Одновременно, а правильнее сказать, благодаря реформам, появляется новый тип русского человека — чиновник, и возникает потребность в новой идеологии. В идеологах нуждался уже Петр. Однако его «птенцы» умели присваивать в обширных размерах народные деньги, не очень хорошо воевать, но идеологами быть они и вовсе не умели. Земское, общее государево дело, бывшее делом всей земли, сменяется теперь делом «государственным», отчужденным от народа и олицетворенным в чиновнике. И теперь, когда цели и деяния созданного на европейский лад правительства с полным отстранением народа от участия в жизни своего же государства стали неясны и туманны, потребовались комментаторы «государственного интереса». Последующие историки, с тяжелым вздохом пропускающие весь период Московской Руси, прокатным штампом пройдясь по «бездельникам боярам» и «дикарям крестьянам», которых только из интеллигентного камуфляжа под выразителя «интересов народа» не называют именно таким словом — «дикари», с радостным облегчением, как на некоем оазисе, или, вернее, на долгожданном веке Астреи, останавливают свой влюбленный взор на Петре и последующем петербургском периоде российской истории. Здесь не колет глаза ничья излишняя правдивость и жертвенность. В обилии появляются бунтари, а куртуазные нравы дворянства становятся идеалом тогда же и появившейся интеллигенции. Теперь — все как там. у них. в Европе: и классовые бои, и бунтари, и парадизы, и масонские ложи. одним словом, все как у людей. Петровские преобразования открыли без всяких выстрелов на границе русские просторы для двунадесяти языков западных искателей «счастья и чинов». Не только две столицы наполняются этими языками. Уже ко времени императрицы Елизаветы воспитание молодого поколения дворян переходит в руки немцев, англичан и французов. А нередко в качестве гувернеров выступали и евреи, выдающие себя за французов или немцев, как о том пишет Вигель: «При сестрах моих являлись по временам какие-то мамзели, немки или француженки, а может быть, крещеные жидовки, которые за таковых себя выдавали, но доказанное невежество или безнравственность скоро заставляли отсылать их» (Воспоминания. М., 1866, т. 1, ч. 1, с. 69).

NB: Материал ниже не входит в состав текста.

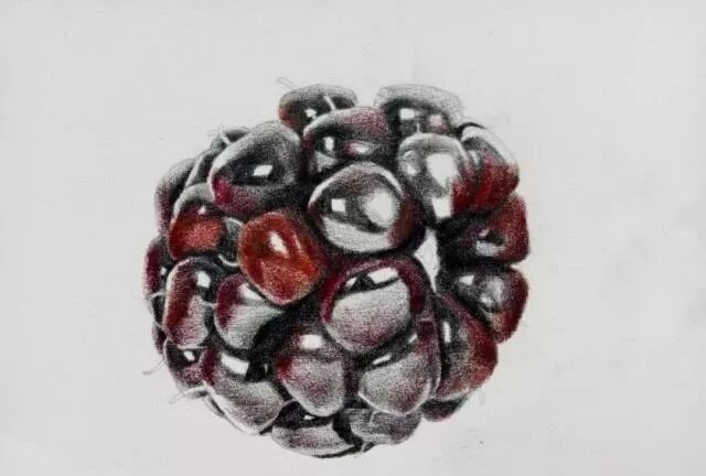 第六步开始对亮部进行揉色过渡,各位可以使用淡雅色系的彩铅笔来做过渡,这样也能良好的体现出桑葚的体积感。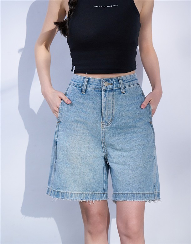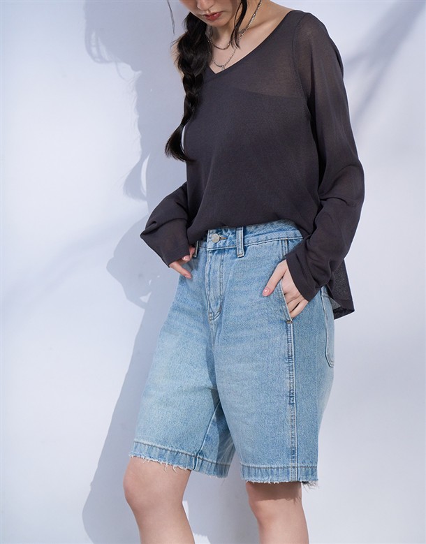 鬚邊牛仔設計,五分短褲剪裁,牛仔面料厚度適中四季可穿,率性穿搭下身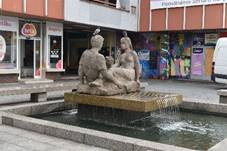 Sochy z pískovce zobrazují stojící muže se lví kožešinou a sukovitou holí. Kašna V zámeckém parku. se sousoším puttů v novobarokním slohu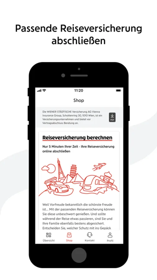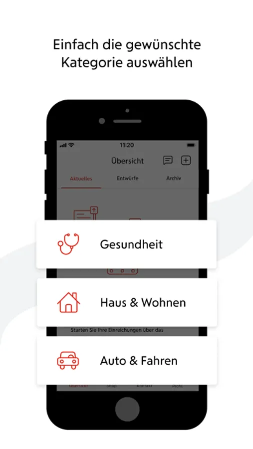 • Im Shop-Bereich finden Sie die aktuell in der App abschließbaren Versicherungsprodukte. Nach der kurzen Ermittlung Ihrer Wünsche und Bedürfnisse erhalten Sie eine persönliche Produktempfehlung und die Möglichkeit zum sofortigen Versicherungsabschluss.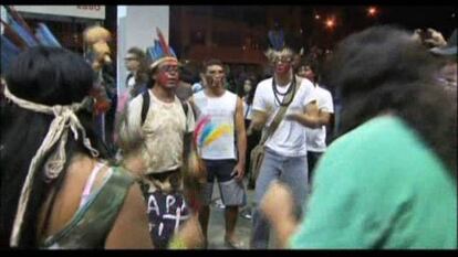 Previamente, un grupo de cerca de dos mil personas se reunió en frente del estadio de fútbol de las Laranjeiras para defender los derechos de los homosexuales, según constató otro periodista de Efe. El evento, coordinado por las redes sociales, comenzó en la plaza Largo do Machado, con representantes del movimiento LGBT (lesbianas, gays, bisexuales, transexuales, travestis y transexuales), que realizaron una protesta en las escalinatas de la iglesia Nuestra Señora de la Gloria. Allí organizaron "un besazo gay", entre homosexuales, y algunas mujeres se quitaron la parte superior de la ropa como forma de protesta, lo que molestó a peregrinos que estaban en el lugar, aunque no hubo enfrentamientos. El grupo avanzó hacia el Palacio de Guanabara, pero fue detenido por un bloqueo de la policía.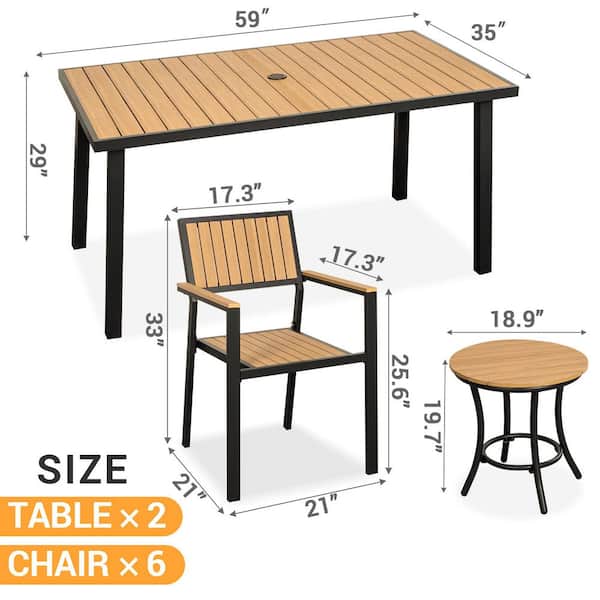 8-Piece Aluminum Outdoor Patio Dining Set with Rectangle Table, Small Side Table and 6-Stackable Chairs

Книжная продукция на протяжении едва ли не всего XVIII столетия составлялась исключительно из сочинений западных литератур, переводов или подражаний им.
Своей подобной пока нет. Это станет делом братьев Соломоновых наук, рыцарей Орла и Пеликана, наследников «некоей философской секты» в Иудее, как любил называть профессор Московского университета Шварц просветителей-интеллигентов, членов масонских лож.
Можно наугад открыть биографию любого деятеля культуры и политики XVIII или XIX столетий и посмотреть, кто их воспитывал. «В высшем кругу московского общества обучение и образование юношества исключительно поручалось иностранным домашним наставникам, которых преимущественно выписывали из Женевы, Монбельяра и Страсбурга», — пишет о периоде правления Екатерины II Д. П. Рунич. Болотов оставил схожую картину своего воспитания, протекавшего под руководством немца, нещадно бившего мальчика. Впоследствии Болотов сам постигал премудрости западной мысли по рационалистической философии Вольфа и немецким романам.
...Никита Муравьев родился 19 августа 1795 года, когда уже не надо было посылать молодых дворян в Европу, как в первые годы правления великого реформатора, а сама Европа покатила в Россию осваивать «Дикий край» Бармы и Постника, преподобных Сергия и Иосифа Волоцкого, Епифания Премудрого и прочих «дикарей», вполне способных пропитать многочисленную орду цивилизаторов. И, как следует по логике вещей, пропитать лучше, чем они, цивилизаторы, питались у себя, в своих цивилизованных странах. Воздействие «цивилизаторов» на русское общество можно увидеть на примере семьи Муравьевых, давшей двух декабристов.